** Raw data follows **
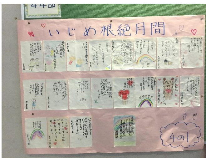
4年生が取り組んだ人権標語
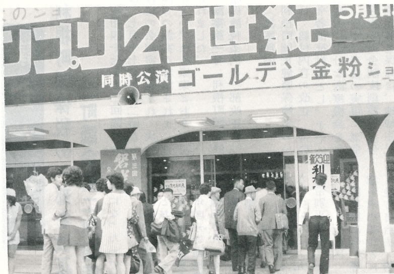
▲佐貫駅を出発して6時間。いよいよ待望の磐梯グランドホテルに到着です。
** End of Raw data **
** Raw data follows **
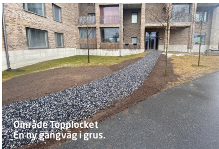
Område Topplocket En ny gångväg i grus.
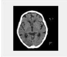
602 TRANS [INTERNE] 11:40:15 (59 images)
** End of Raw data **
** Raw data follows **
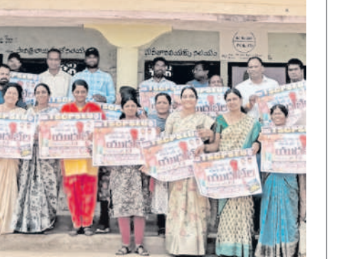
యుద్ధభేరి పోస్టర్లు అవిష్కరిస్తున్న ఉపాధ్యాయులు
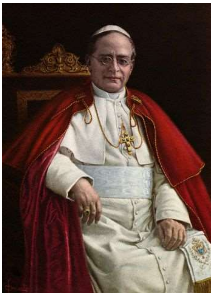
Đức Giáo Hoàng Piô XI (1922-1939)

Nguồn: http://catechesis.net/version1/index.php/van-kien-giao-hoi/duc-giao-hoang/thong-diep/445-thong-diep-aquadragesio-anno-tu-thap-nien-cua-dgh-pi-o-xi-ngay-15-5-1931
** End of Raw data **
*What you should do*: Among the records above, extract exactly the lines from the line with "Đức Giáo Hoàng Piô XI (1922-1939)" to the line with "Nguồn: http://", both lines included, and leave out the rest.

*Solution to this exercise*:
Đức Giáo Hoàng Piô XI (1922-1939)

Nguồn: http://catechesis.net/version1/index.php/van-kien-giao-hoi/duc-giao-hoang/thong-diep/445-thong-diep-aquadragesio-anno-tu-thap-nien-cua-dgh-pi-o-xi-ngay-15-5-1931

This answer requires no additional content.